There are more worries ahead for the UK commercial property industry as the European debt crisis continues to hit sentiment and risk aversion increases, according to the latest Real Estate Investment Forecast from Colliers International.
The All Property total return forecast for this year is 8%, down from Collier’s quarter two forecast of 8.4% due to the rise in negative sentiment and the increased likelihood of a near term ‘double dip’ recession in Europe and the United States. Currently, interest in prime real estate assets remains strong across commercial segments, it says.

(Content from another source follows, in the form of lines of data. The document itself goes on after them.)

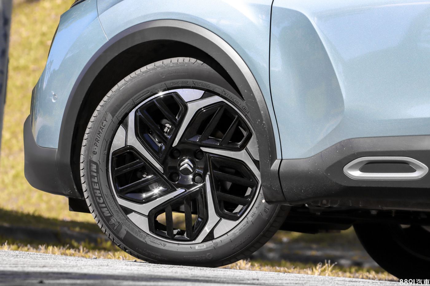 國內C4全車系統一胎圈規格,雙色18吋鋁圈造型獨特,不過偏心式的輪輻設計讓輪圈看起來沒實際的大,配胎採195/60R18的米其林e-Primacy,其實是針對電動車設計、主打靜肅性和低滾動阻力的節能胎款。沒錯!燃油C4連配胎都跟純電款統一了。
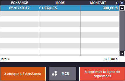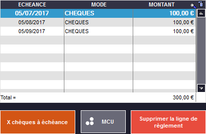 On peut aussi programmer un paiement en trois fois par exemple. Imaginons un client qui prenne un produit à 300€ et qui souhaite payer en 3 chèques. Vous pouvez appuyer sur la touche Chèques, le tableau va se remplir comme s'il payait les 300€ d'un coup :
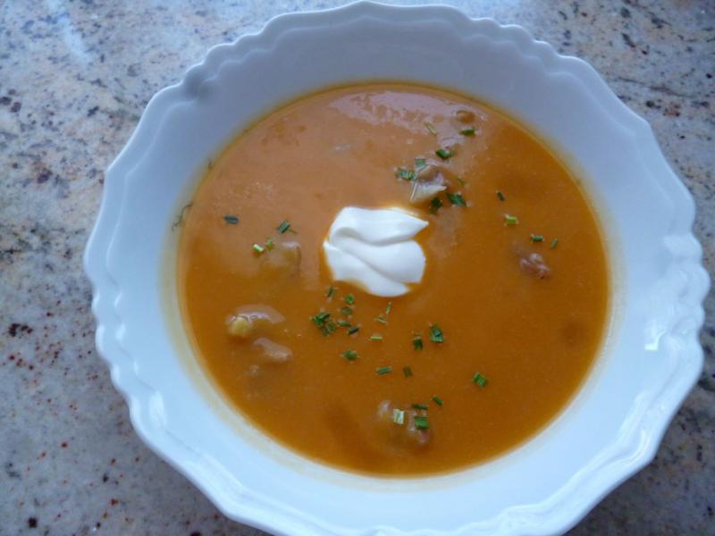 Je vous propose une recette simple, gourmande et encore bien appréciée en ce début avril, un velouté de patates douces et marrons !
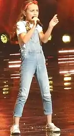 À neuf ans[8],[9], elle participe à la saison 4 du télé-crochet The Voice Kids (diffusée en 2017). Pour son audition à l'aveugle, qui deviendra la première audition diffusée dans cette saison, elle reprend All in You de Synapson feat. Anna Kova. Avant de monter sur scène, elle dit : « C’est la plus grande journée de toute ma vie et si un fauteuil se retourne, je serais la plus heureuse du monde ». Patrick Fiori devient son coach après que tous se furent retournés[8]. Lors des battles, elle gagne contre Eléa et Lara sur Lost on You de LP. Lors de la demi-finale, elle chante J'envoie valser de Zazie. Lors de la finale, elle chante Tous les mêmes de Stromae, puis encore une fois All in You de Synapson feat. Anna Kova et gagne le concours.

Sub 3% retail transaction yields have been recorded in London on Old Bond Street (Cartier) and in Knightsbridge (Rolex). Despite falling bond yields, Central London pricing may be finding a base. Central London office demand for new space has been steady with further rental growth expected due to supply constraints. Some 13 requirements, active and potential, of over 100,000 square feet are focused on the City. Demand for medium sized units of 10,000 to 40,000 square feet, has also been steady with supply also limited.
Industrial occupiers are beginning to invest in distribution warehouses as some 15 ‘design and build’ schemes have been announced in the past three months compared to none in the previous three years. Occupiers with immediate needs are resorting to sub optimal smaller units to supplement current operations.
‘Given the volatility of equities markets across the globe, no asset class can claim immunity from uncertainty. Since the last publication of the Real Estate Investment Forecast, the European debt crisis has increased the prospect of a global debt crisis, with the spotlight shifting to Washington’s debt ceiling debacle and subsequent downgrade of US debt. This summer has seen surprising amounts of risk aversion as the AAA rated UK gilts have fallen from 3.4% at the beginning of July to 2.3% by the middle of August,’ said Rahim Jiwani, Property Economist at Colliers International.
‘The strongest returns are expected in 2013 as the economy begins to approach trend growth. From 2012 to 2016, we expect All Property to have an annualised 7.9% return led by the City of London offices and a rebound in shopping centres further along the horizon,’ he explained.
‘All Property equivalent and initial yields have fallen slightly in the year to date and may see further marginal compression by year end as rental growth trends begin to strengthen. Rental growth for All Property over the 12 months ending in July nudged positive for the first time since October 2008, according to the July IPD Monthly Digest. Rental growth for 2011 is forecast to be 0.1%, but will strengthen over the next couple of years at an annualised 2% from 2012 to 2016,’ he added.